* **What is being asked**: The full listing, copied exactly and free of pictures, is the expected reply.

* **Data segment**:
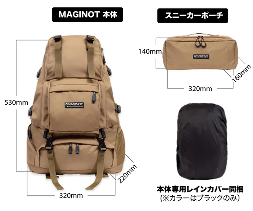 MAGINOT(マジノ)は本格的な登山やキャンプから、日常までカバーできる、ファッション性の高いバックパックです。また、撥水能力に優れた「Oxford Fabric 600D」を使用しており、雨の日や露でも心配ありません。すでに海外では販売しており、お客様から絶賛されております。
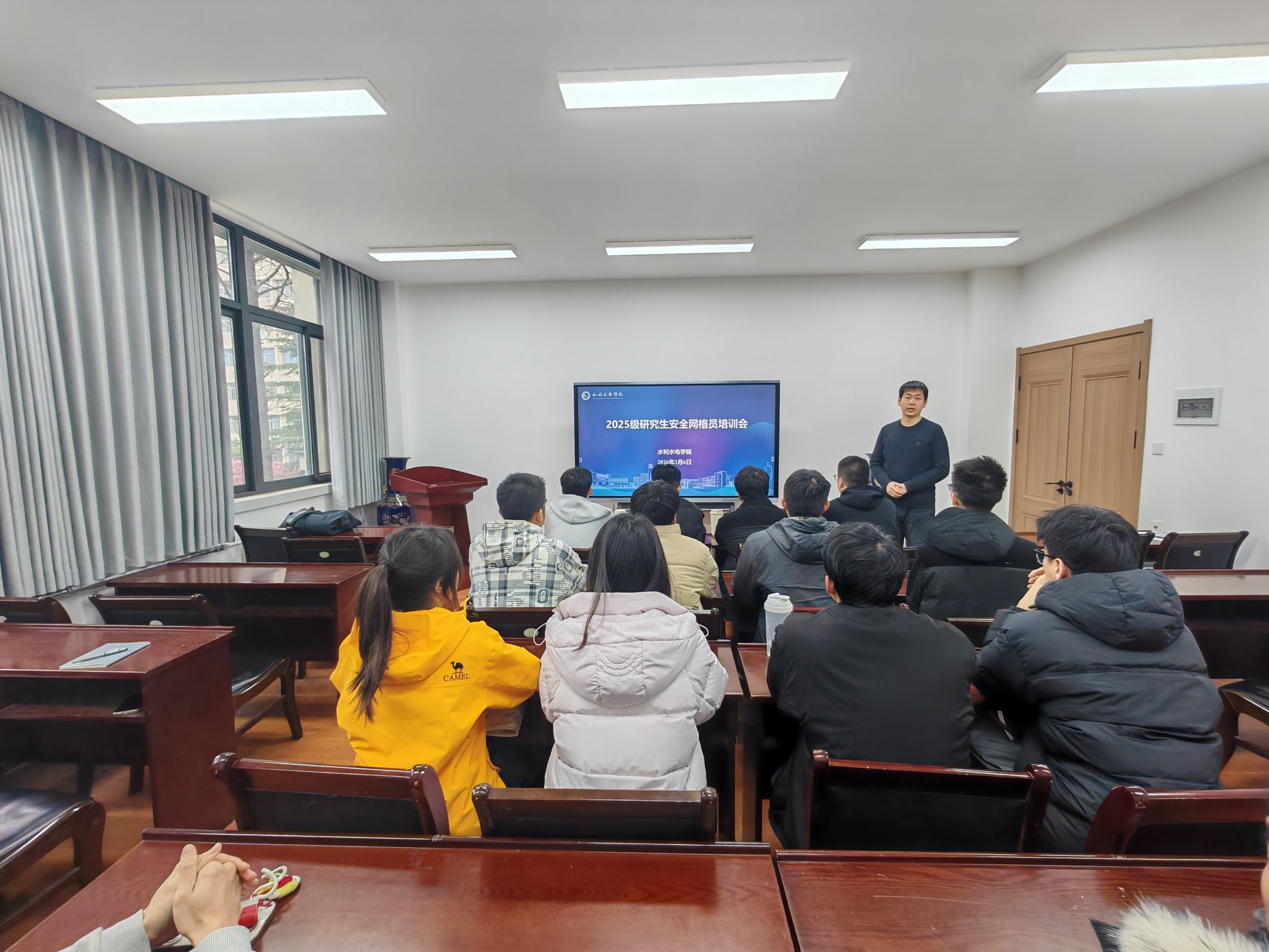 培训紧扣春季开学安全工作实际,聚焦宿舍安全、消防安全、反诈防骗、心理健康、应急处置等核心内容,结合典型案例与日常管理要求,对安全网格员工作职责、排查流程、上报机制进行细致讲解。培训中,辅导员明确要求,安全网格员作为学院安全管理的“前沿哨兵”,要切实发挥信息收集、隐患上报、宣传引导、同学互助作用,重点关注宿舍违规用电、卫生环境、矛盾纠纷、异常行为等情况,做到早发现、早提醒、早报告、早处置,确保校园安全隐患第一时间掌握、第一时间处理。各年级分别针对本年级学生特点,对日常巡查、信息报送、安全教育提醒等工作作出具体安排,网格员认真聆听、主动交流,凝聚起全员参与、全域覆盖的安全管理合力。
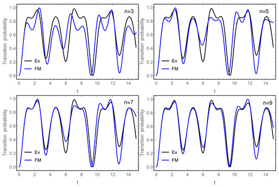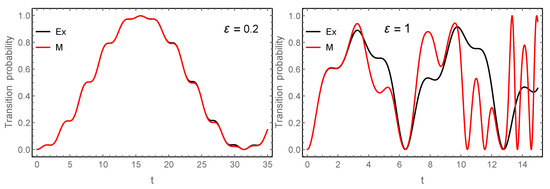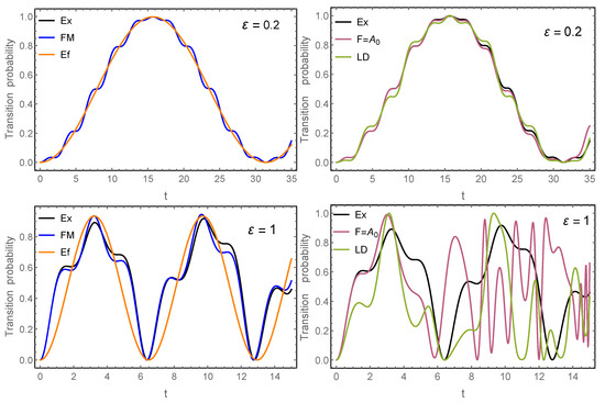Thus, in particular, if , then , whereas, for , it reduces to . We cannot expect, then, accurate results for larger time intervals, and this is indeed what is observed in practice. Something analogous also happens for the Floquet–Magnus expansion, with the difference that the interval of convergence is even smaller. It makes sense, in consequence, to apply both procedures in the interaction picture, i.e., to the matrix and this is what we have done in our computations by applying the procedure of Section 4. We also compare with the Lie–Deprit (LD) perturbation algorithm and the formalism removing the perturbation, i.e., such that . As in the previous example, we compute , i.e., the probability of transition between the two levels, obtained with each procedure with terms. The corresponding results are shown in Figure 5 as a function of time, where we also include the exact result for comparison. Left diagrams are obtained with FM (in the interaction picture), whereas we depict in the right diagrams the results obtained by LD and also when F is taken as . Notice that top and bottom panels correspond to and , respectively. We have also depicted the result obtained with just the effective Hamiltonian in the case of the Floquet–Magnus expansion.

* **Output for this exercise**:
 MAGINOT(マジノ)は本格的な登山やキャンプから、日常までカバーできる、ファッション性の高いバックパックです。また、撥水能力に優れた「Oxford Fabric 600D」を使用しており、雨の日や露でも心配ありません。すでに海外では販売しており、お客様から絶賛されております。
 培训紧扣春季开学安全工作实际,聚焦宿舍安全、消防安全、反诈防骗、心理健康、应急处置等核心内容,结合典型案例与日常管理要求,对安全网格员工作职责、排查流程、上报机制进行细致讲解。培训中,辅导员明确要求,安全网格员作为学院安全管理的“前沿哨兵”,要切实发挥信息收集、隐患上报、宣传引导、同学互助作用,重点关注宿舍违规用电、卫生环境、矛盾纠纷、异常行为等情况,做到早发现、早提醒、早报告、早处置,确保校园安全隐患第一时间掌握、第一时间处理。各年级分别针对本年级学生特点,对日常巡查、信息报送、安全教育提醒等工作作出具体安排,网格员认真聆听、主动交流,凝聚起全员参与、全域覆盖的安全管理合力。
Thus, in particular, if , then , whereas, for , it reduces to . We cannot expect, then, accurate results for larger time intervals, and this is indeed what is observed in practice. Something analogous also happens for the Floquet–Magnus expansion, with the difference that the interval of convergence is even smaller. It makes sense, in consequence, to apply both procedures in the interaction picture, i.e., to the matrix and this is what we have done in our computations by applying the procedure of Section 4. We also compare with the Lie–Deprit (LD) perturbation algorithm and the formalism removing the perturbation, i.e., such that . As in the previous example, we compute , i.e., the probability of transition between the two levels, obtained with each procedure with terms. The corresponding results are shown in Figure 5 as a function of time, where we also include the exact result for comparison. Left diagrams are obtained with FM (in the interaction picture), whereas we depict in the right diagrams the results obtained by LD and also when F is taken as . Notice that top and bottom panels correspond to and , respectively. We have also depicted the result obtained with just the effective Hamiltonian in the case of the Floquet–Magnus expansion.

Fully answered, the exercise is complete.